Have cat burglars and "gentlemen thieves" been something you've been fascinated by or wanted to write about? Your mention of Hitchcock brings to mind "To Catch a Thief," but was there anything that's inspired or peaked your interest?

The female cat burglar in "The Chuckling Whatsit" was inspired by a similar one in the French film "Judex," which is one of my favorite movies.  And I liked that idea so much I wanted to do more with it.  It's just one of many elements in "The Chuckling Whatsit," but it's what the new book is all about.  As a kid, for whatever reason, my tastes in comics or genre fiction gravitated more towards the kind of noir-ish, earthbound exploits of, say, The Shadow and other pulp characters from the 1930s.  For some reason I felt more of an affinity with mystery and horror -- the nighttime stuff -- than with science fiction or superheroes.  So, although I've dabbled in other things, that's always what I seem to return to.

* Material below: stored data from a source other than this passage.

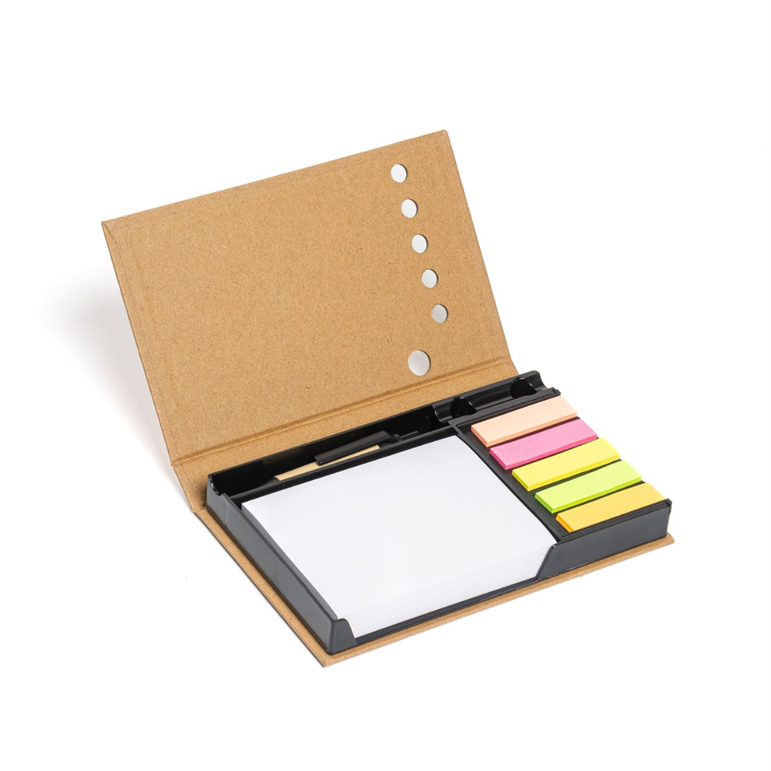 Porta taco con bolígrafo ecológico. Apertura desplegable de cuatro solapas. Contiene taco adhesivo central, taco adhesivo lateral (menor tamaño), señaladores adhesivos y taco tipo libreta lateral, también el bolígrafo en su contenedor.
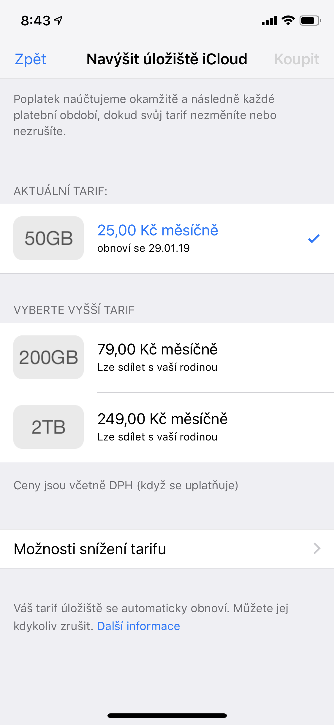 Mezi služby patří i iCloud. Takto jednoduše jej můžete navýšit:
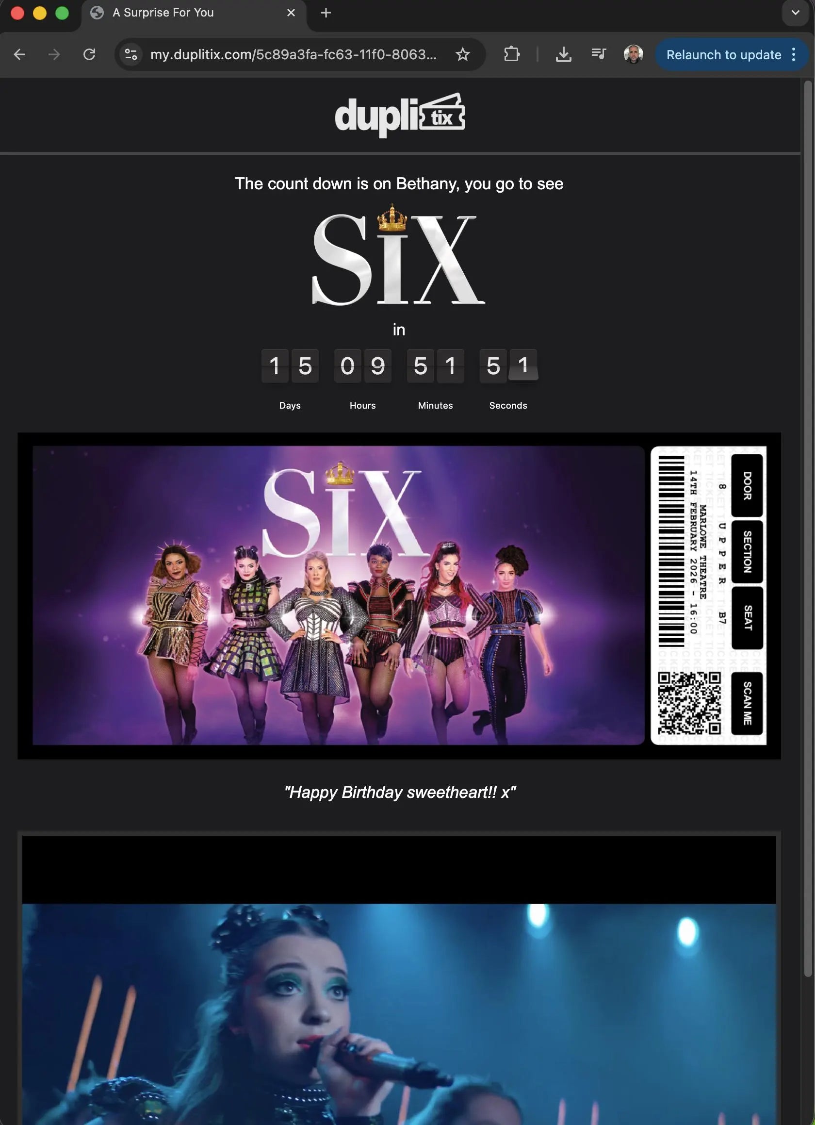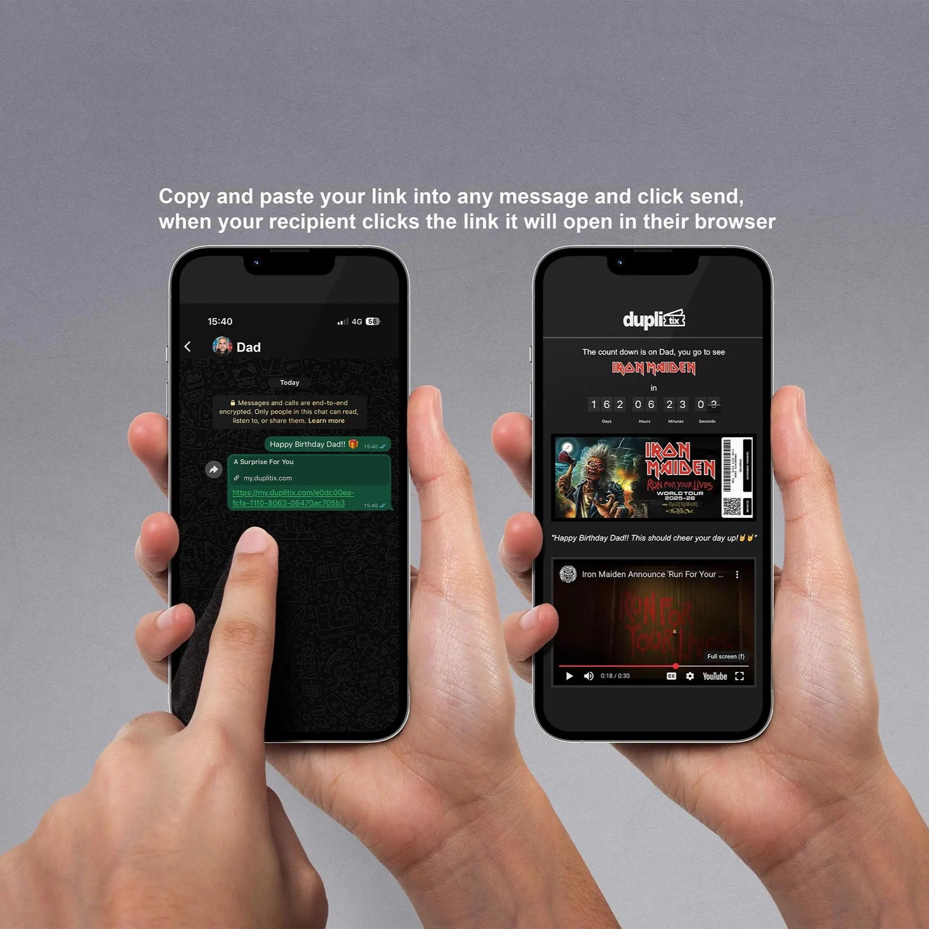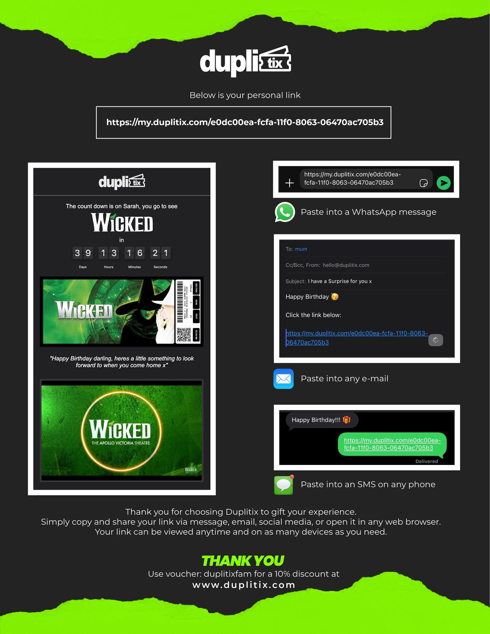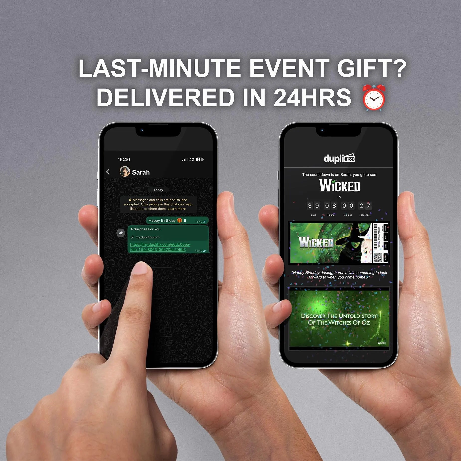 Elevate your gift game with the Duplitix Online Gift Ticket Reveal, the perfect way to let your loved one know they're off to a special event, without the hassle of delivery costs and shipping times.
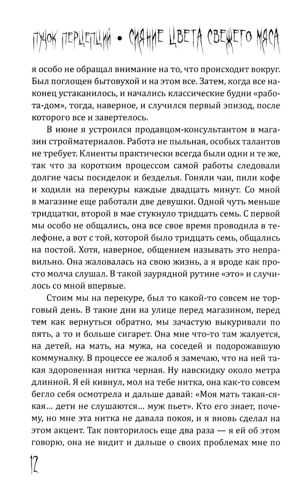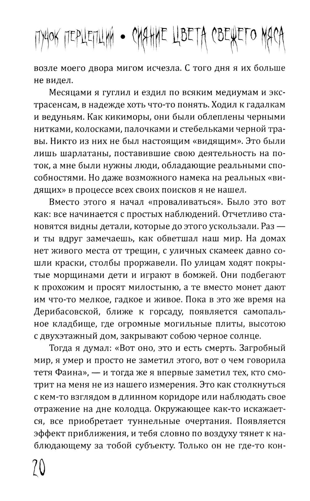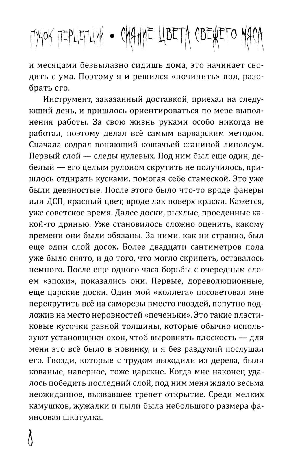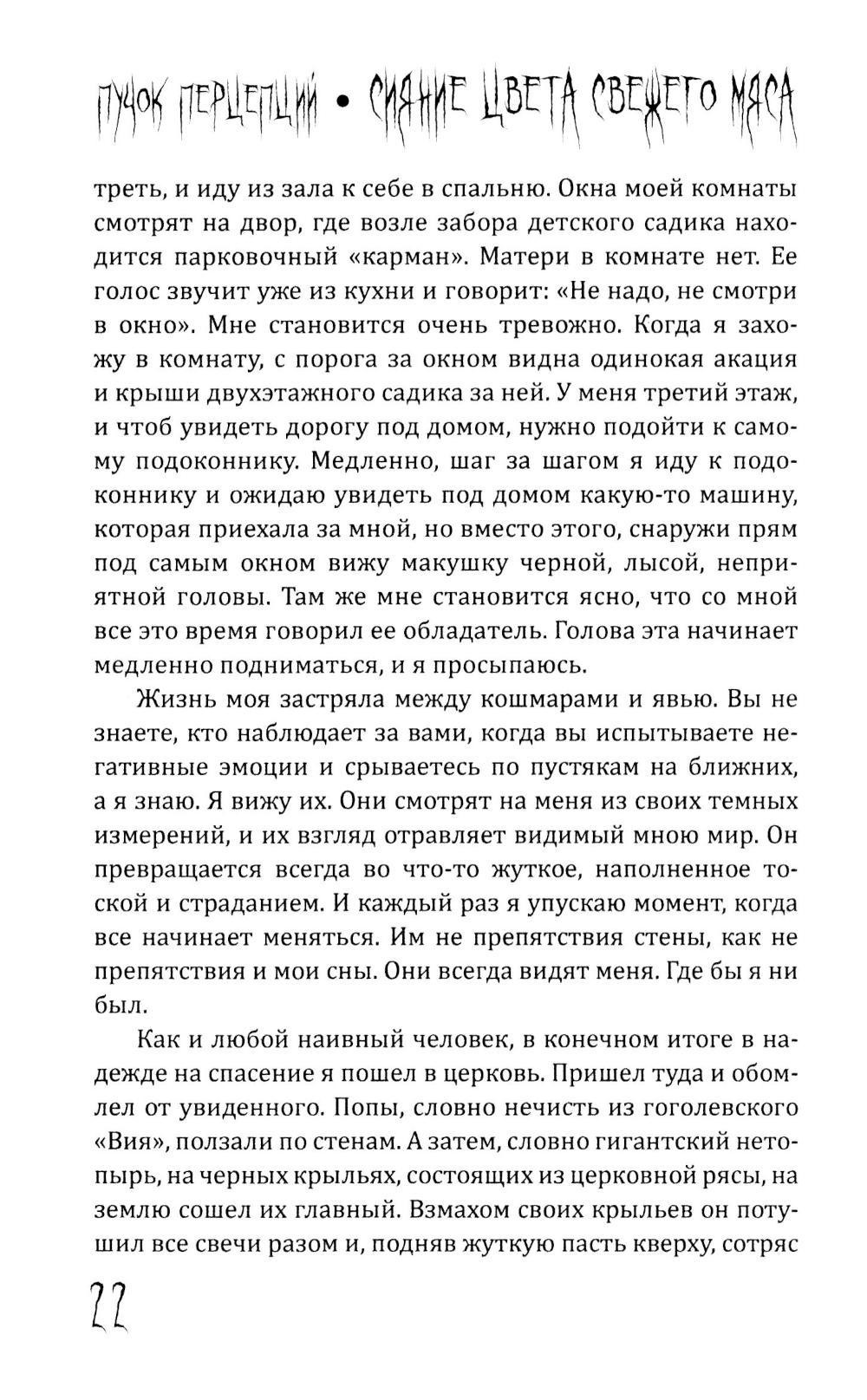 Пучок Перцепций - новый, молодой голос постсоветского хоррора. Один из самых ярких авторов ужасов на всём постсоветском пространстве. Именно он довел лавкрафтовский ужас на фоне панелек и заброшек до невероятного мастерства и филологического совершенства. Подростки рисуют на стене гаража Рыло, - и оно становится порталом в космический ужас. Несколько мажоров оказываются в сельской местности и видят хрущёвки, закопанные по крышу в землю. Загадочный подросток в компьютерном клубе начала нулевых может ввести вас в квартиру, которой нет на карте. Это истории, происходящие в знакомых каждому из нас декорациях разбитых дворов, заброшенных промзон и аварийных домов. Спешите познакомиться с современным русским хоррором!| Издательство | Родина |

Do you have plans to return to your two famous recurring characters, Judy Drood (from "Mad Night" and "The Grave Robber's Daughter") and Peculia (from "Peculia," "Peculia and the Groon Grove Vampires")?

I have notebooks filled with story ideas for both of those characters, and I would like for their exploits to continue. I do feel there is more to tell, particularly about Peculia. I had a lot of fun dropping hints about her and her past in her stories, but maybe I should give her the full "Origin" treatment next time.

With "Delphine" complete and while you mentioned you have an idea for a sequel to "Cat Burglar Black," nothing is planned. What are you doing next?

At this moment, besides the kinds of small side projects I'm always doing, I'm only working on one new book.  I usually like to have more than one to work on at any given time, but the new book I'm writing is a bit more complex, both visually and psychologically, so I don't want to get too distracted from it until it's a slightly more developed.  When it's further along, I'll start another one -- I haven't decide what yet.  I love the process of figuring out what to do next.  It's always fun to start on a new project!